Stored items from a collection
============

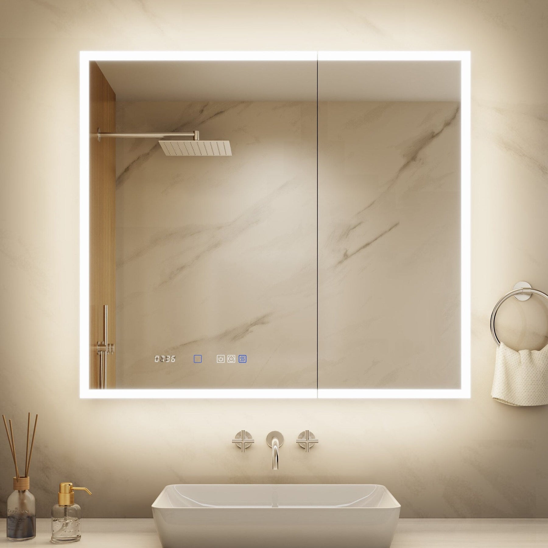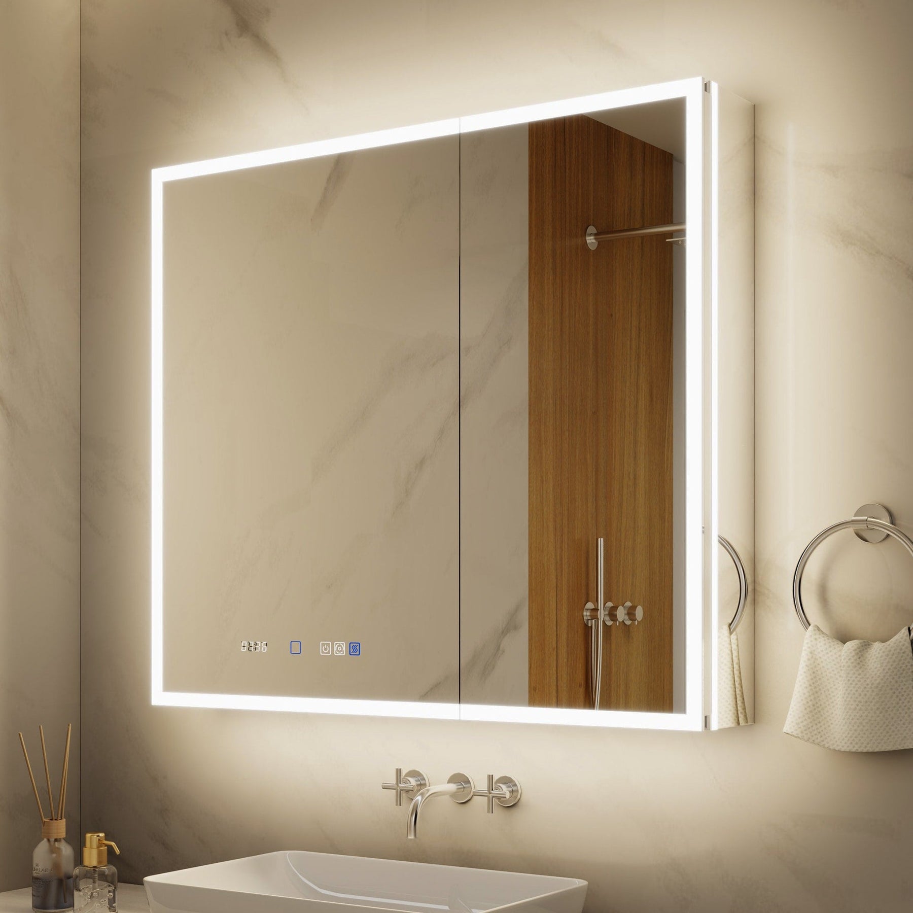 A: Yes, the cabinet features a clock and temperature display to keep you updated easily. This display is part of the touch-controlled interface for user convenience.
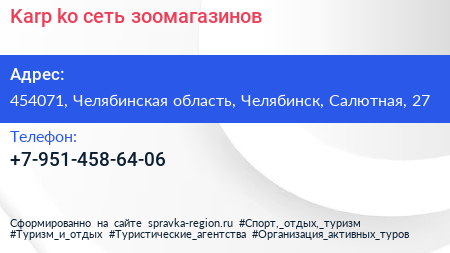 Karp & ko, сеть зоомагазинов по адресу 454071, Челябинская область, Челябинск, Салютная, 27 в дальнейшем Организация, размещена в следующих категориях:
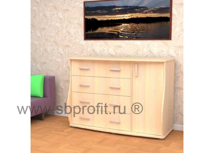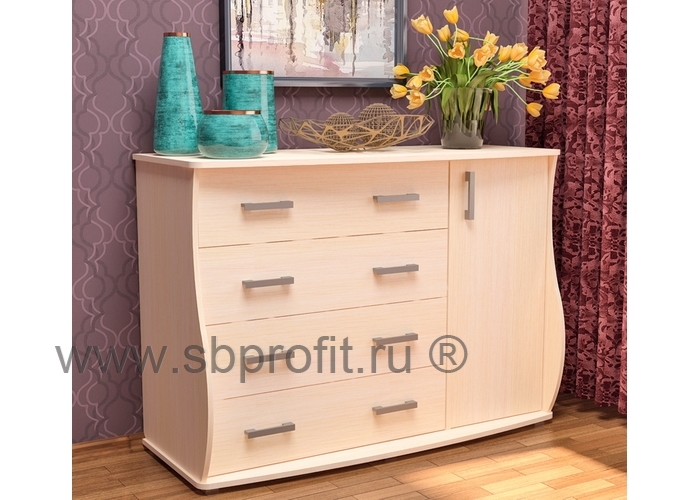 Большой, красивый и надежный комод ВЕРНИСАЖ-4 выделяется дизайном и вместительностью. Благодаря своим фигурным формам комод выглядит современно, а размеры модели (910*1280*510) позволяют поместить в комод большое количество вещей. Для этого предусмотрены 4 одинаковых выдвижных ящика, имеющих полное выдвижение. А в правой части комода - две вместительные ниши за распашной дверцей. Для удобства пользования на фасадах имеются практичные и современные ручки. Такой комод, несомненно, станет украшением любого интерьера, а разнообразие цветовой гаммы поможет выбрать комод на ваш вкус. При желании на фасады изделия можно нанести рисунок.Изделие выполнено из высококачественного и экологичного материала – ЛДСП класса Е1 толщиной 16 мм. Все края обработаны ударопрочной кромкой ПВХ, которая значительно увеличивает срок эксплуатации изделия. Для сборки используется фурнитура ведущих мировых производителей. Упакован стол в плоский гофрокартон. Внутри упаковки имеется подробная инструкция по сборке. Гарантия на изделие 24 месяца.
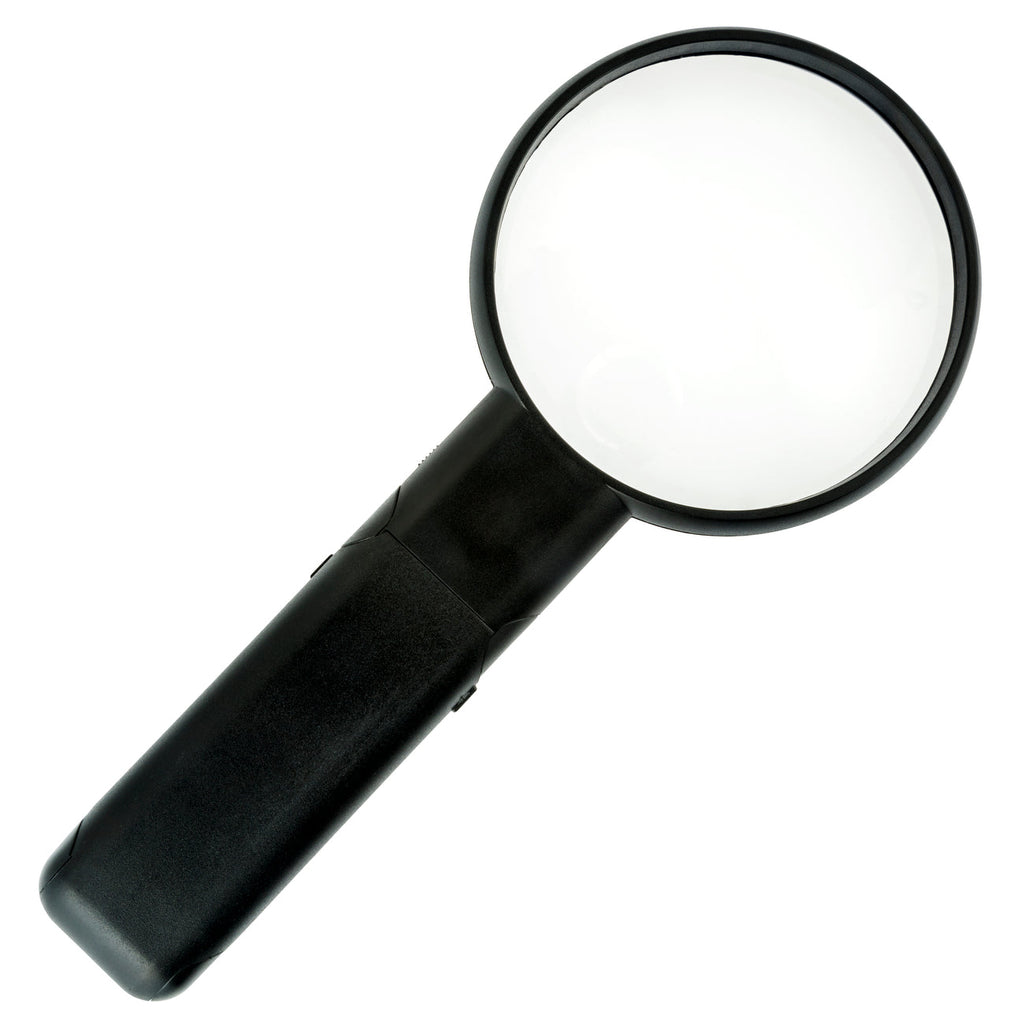 The Lighted Hands-Free Magnifier is designed for detailed reading of books, newspapers, and magazines. Featuring a high-quality plastic housing and a 3.5" optical-grade acrylic lens, this magnifier offers 2X magnification with a 4X bubble, enhancing font sizes and making small details clearer. Its integrated folding stand and lens enable hands-free use on any flat surface, while its portable design fits conveniently in backpacks, purses, or briefcases.
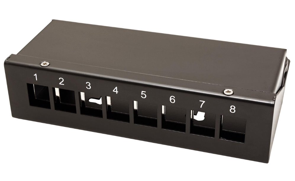 Stíněný, 8-portový patchpanel určený pro montáž na stěnu (výška 1U).
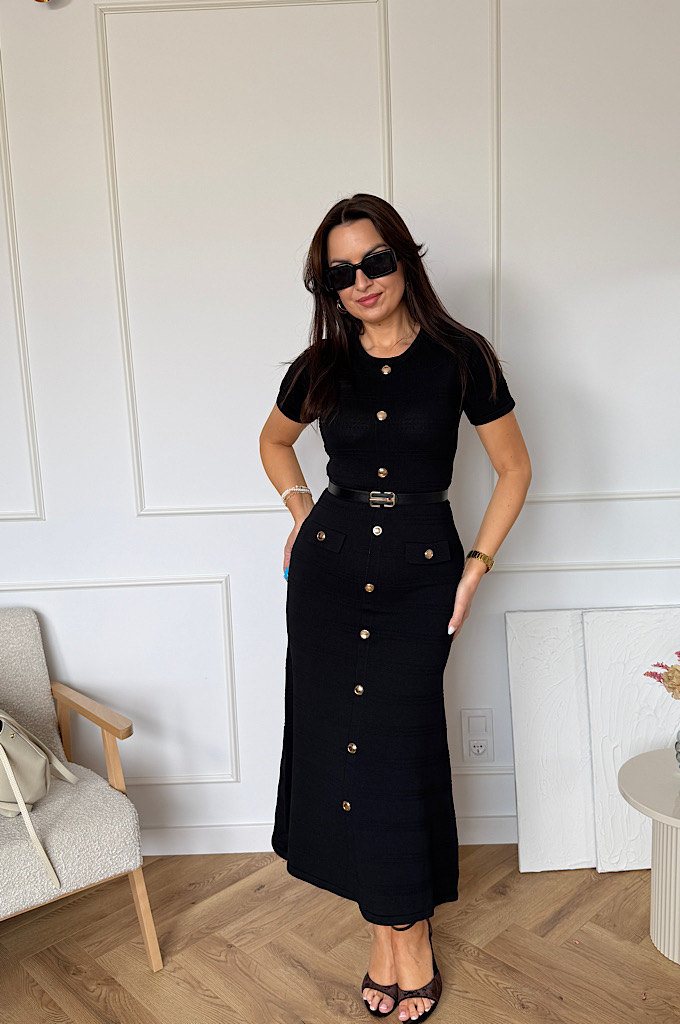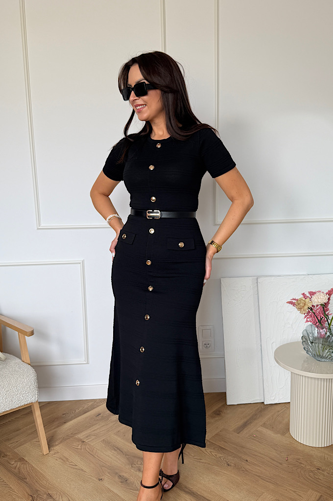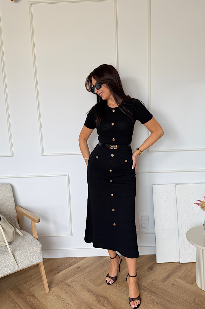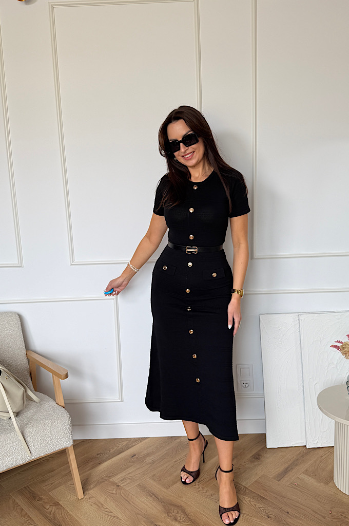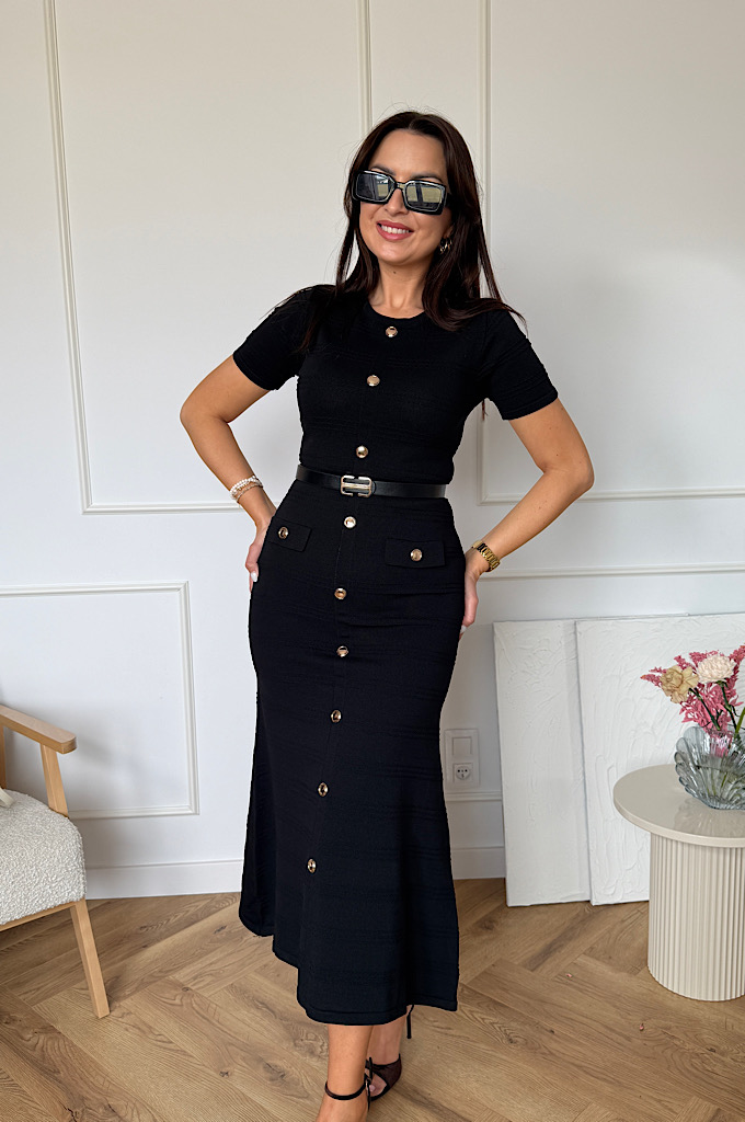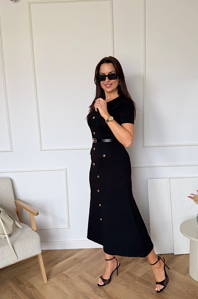 Stylowa i ponadczasowa sukienka o długości midi, która pięknie podkreśla sylwetkę i dodaje klasy każdej stylizacji. Dopasowana góra oraz delikatnie rozkloszowany dół tworzą kobiecy i bardzo elegancki efekt. Ozdobne guziki na całej długości oraz pasek w talii podkreślają figurę i nadają całości wyjątkowego charakteru.
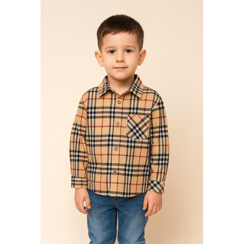 Рубашка байковая для мальчика 5–9 лет, оверсайз, свободный крой,116, Бежевый
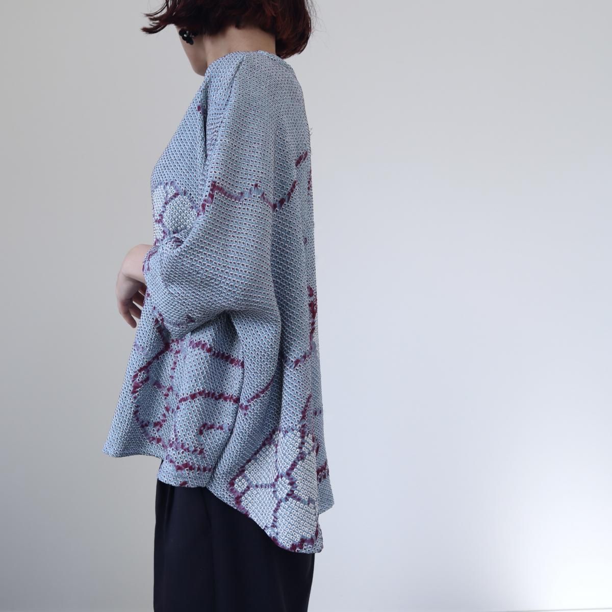 アンティークの絞りの羽織から作ったブラウスです。美しい水色×赤紫色に椿の花模様。とてもゆったりとした身幅のドルマン袖に太めのカフス。後ろ裾が長いデザインです。裏地はありません。中に薄手のセーター等重ねるのもおすすめです。
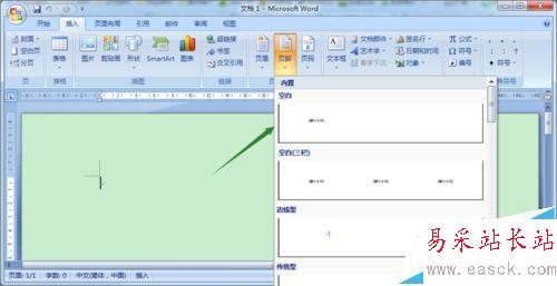 2、點擊頁腳以后,我們會看到系統內置有多種頁腳模板,我們選擇最上面的"空白頁腳",確認以后就會在文檔的最下面看到了插入選項,見下圖;
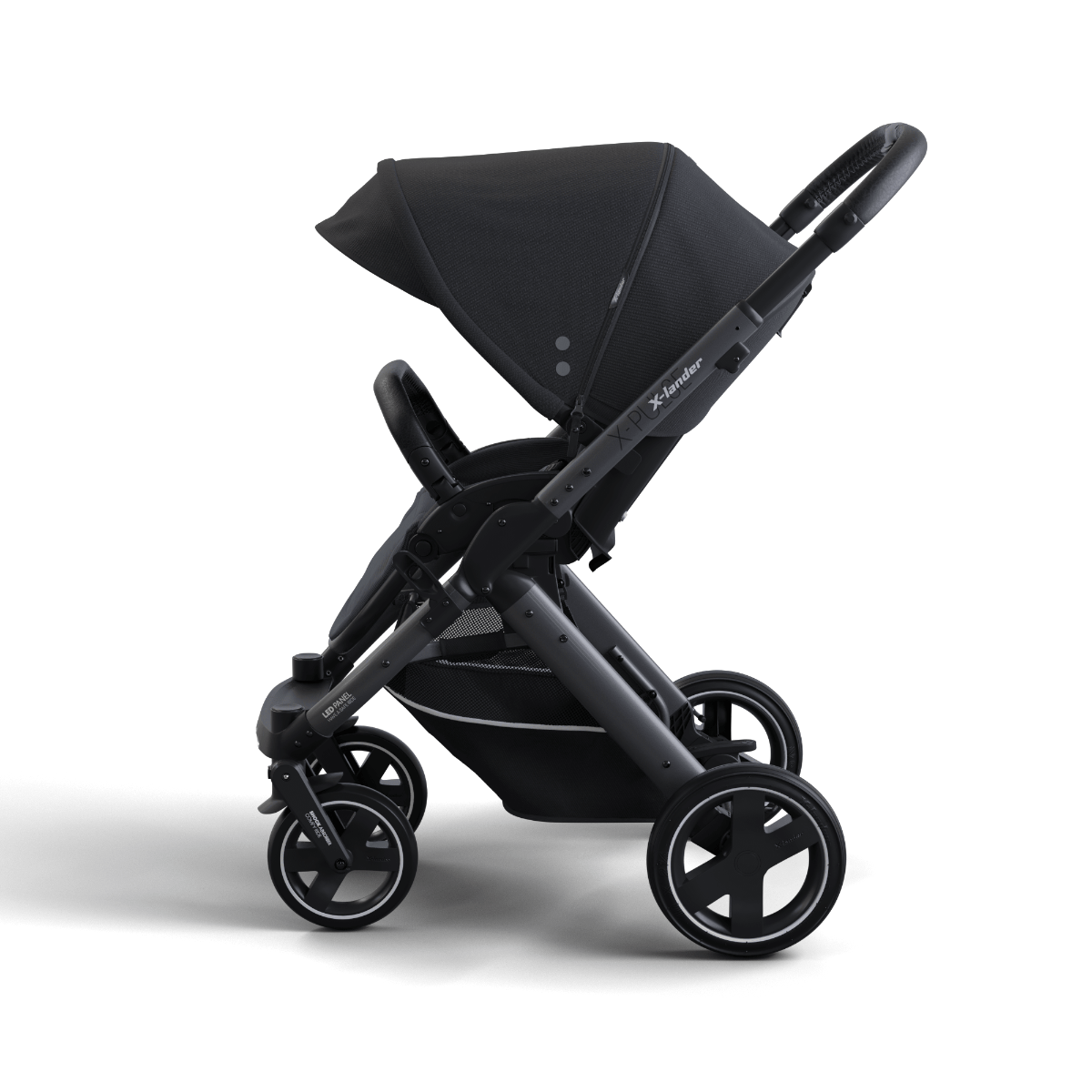 X-Pulse, jak wszystkie wózki X-lander posiada panel LED w podnóżku. To innowacyjne rozwiązanie w wózkach, zwiększa wielokrotnie widoczność wózka po zmroku. Szczególnie w okresie jesienno-zimowym, kiedy zmrok zapada około godziny 16.

============

WHAT YOU ARE ASKED TO DO :: Say again, word for word, the lines beginning at the top of the data and ending with the line that has "Karp & ko, сеть". Skip the pictures.

EXERCISE RESPONSE ::
 A: Yes, the cabinet features a clock and temperature display to keep you updated easily. This display is part of the touch-controlled interface for user convenience.
 Karp & ko, сеть зоомагазинов по адресу 454071, Челябинская область, Челябинск, Салютная, 27 в дальнейшем Организация, размещена в следующих категориях:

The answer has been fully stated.